Italianization of America: A momentary pause in the increasing trend of young adults living at home exacerbated housing market tightness and this in turn increases socio-spatial segregation due to rising rental prices, further impacting household mobility and employment opportunities.
Labor Market and Credit Conditions: The COVID recession was unique due to government interventions that prevented a traditional credit cycle, but current trends show rising unemployment and delinquencies, with a potential worsening of credit conditions and increased risk of recession despite claims of easing financial conditions.
The Main Event
After multiple weeks on the same topic, I wanted to hit on a few different subjects. Inflation of course remains one of them, but there are growing rumbles within both housing and credit that can’t be ignored.
Thoughts post-CPI:
While I’d consider the output “mixed” this past week on the CPI “meet” after the extended inflation commentary in “People Are Crazy”, there continues to be a puzzling disconnect in the timing of the OER decline relative to measures of rental inflation. This is a very good reminder that the effort the BLS puts into proper inflation measurement is admirable, even if it occasionally leads to confusing outcomes.
Remember that OER (owner’s equivalent rent) is a metric constructed bottoms up by the BLS using surveys of actual rentals to measure price change.
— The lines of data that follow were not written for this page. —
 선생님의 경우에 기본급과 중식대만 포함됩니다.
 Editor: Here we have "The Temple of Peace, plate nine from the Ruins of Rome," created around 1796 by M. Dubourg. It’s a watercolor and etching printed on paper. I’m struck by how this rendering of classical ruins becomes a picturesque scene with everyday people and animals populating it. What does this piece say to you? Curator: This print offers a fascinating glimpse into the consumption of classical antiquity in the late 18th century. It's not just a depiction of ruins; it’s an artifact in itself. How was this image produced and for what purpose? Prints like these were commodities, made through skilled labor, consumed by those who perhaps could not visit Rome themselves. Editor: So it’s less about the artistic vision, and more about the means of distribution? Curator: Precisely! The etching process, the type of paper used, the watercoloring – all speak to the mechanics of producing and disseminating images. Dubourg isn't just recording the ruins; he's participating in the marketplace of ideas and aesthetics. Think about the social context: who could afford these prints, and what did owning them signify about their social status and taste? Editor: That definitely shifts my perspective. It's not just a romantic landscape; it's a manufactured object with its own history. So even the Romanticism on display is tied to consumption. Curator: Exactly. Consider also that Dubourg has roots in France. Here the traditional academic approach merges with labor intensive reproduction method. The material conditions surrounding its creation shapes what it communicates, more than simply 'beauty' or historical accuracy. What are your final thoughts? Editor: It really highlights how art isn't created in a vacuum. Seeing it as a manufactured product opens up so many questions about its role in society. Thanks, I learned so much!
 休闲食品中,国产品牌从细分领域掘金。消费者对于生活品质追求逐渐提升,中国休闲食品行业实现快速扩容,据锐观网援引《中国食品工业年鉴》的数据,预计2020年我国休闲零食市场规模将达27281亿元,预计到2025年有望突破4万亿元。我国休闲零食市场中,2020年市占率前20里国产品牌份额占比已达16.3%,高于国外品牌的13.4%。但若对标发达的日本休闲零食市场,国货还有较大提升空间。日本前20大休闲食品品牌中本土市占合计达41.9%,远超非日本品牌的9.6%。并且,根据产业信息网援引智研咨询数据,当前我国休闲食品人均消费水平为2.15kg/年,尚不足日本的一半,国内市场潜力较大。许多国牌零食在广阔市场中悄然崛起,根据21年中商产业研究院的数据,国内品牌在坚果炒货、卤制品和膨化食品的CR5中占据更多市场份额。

As a result, individual household decisions (like moving or staying in place) can meaningfully affect the relationship between observed rents and OER. In the aftermath of the GFC, high levels of unemployment, disparate recoveries, and foreclosures meant that moving was relatively common. During the COVID pandemic, relocations were even more common. As a result, the match between new tenant rents and overall rents was quite different. Post-GFC, the closest match was roughly an 18-month periodicity. During COVID, this best fit fell to roughly 12 months. Post-rate hikes, this has expanded to what appears to be a nearly 26-month moving average.
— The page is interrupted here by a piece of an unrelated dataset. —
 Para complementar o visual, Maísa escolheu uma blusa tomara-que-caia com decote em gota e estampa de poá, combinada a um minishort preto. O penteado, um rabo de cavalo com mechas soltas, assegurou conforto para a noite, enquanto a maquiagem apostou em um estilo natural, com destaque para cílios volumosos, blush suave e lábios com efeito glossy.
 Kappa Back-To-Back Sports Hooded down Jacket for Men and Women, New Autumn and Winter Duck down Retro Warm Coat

For those who describe the housing markets as “frozen,” this is true, with far lower moving rates for BOTH renters and owners. As a result, “inflation” is proving stickier due to slower relocations that are slowing the incorporation of new, cheaper rents. Perhaps this is the new normal. Or perhaps rising delinquencies, evictions, and job loss will accelerate this pace. I am drawn to Neil Howe’s observation from the Fourth Turning that “crisis” always results in relocation (as an aside, Neil will be joining Harley and I for the July Keeping it Simple).
We don’t know the answer, but at least we are now aware of the problem. Fortunately, the government SHOULD be aware as well. This note from David Rosenberg was forwarded to me by way of Danielle DiMartino Booth:
The Italianization of America
One of the themes I’ve highlighted for well over a decade is the increased propensity for children to live at home as adults. The momentary reversal of this process following the drop in interest rates in Q4-2018 was a key contributor to the tightness in housing markets that drove prices stratospheric as COVID drove a hunt for more living space. There is a modest element of this chart that is misleading as within group aging has contributed as well, but a climb from 40% to 43% for this oversized group accounts for nearly 2MM of the total 3.6MM households formed from 2017 to 2021. The vast majority of that surge occurred 2020 to 2021.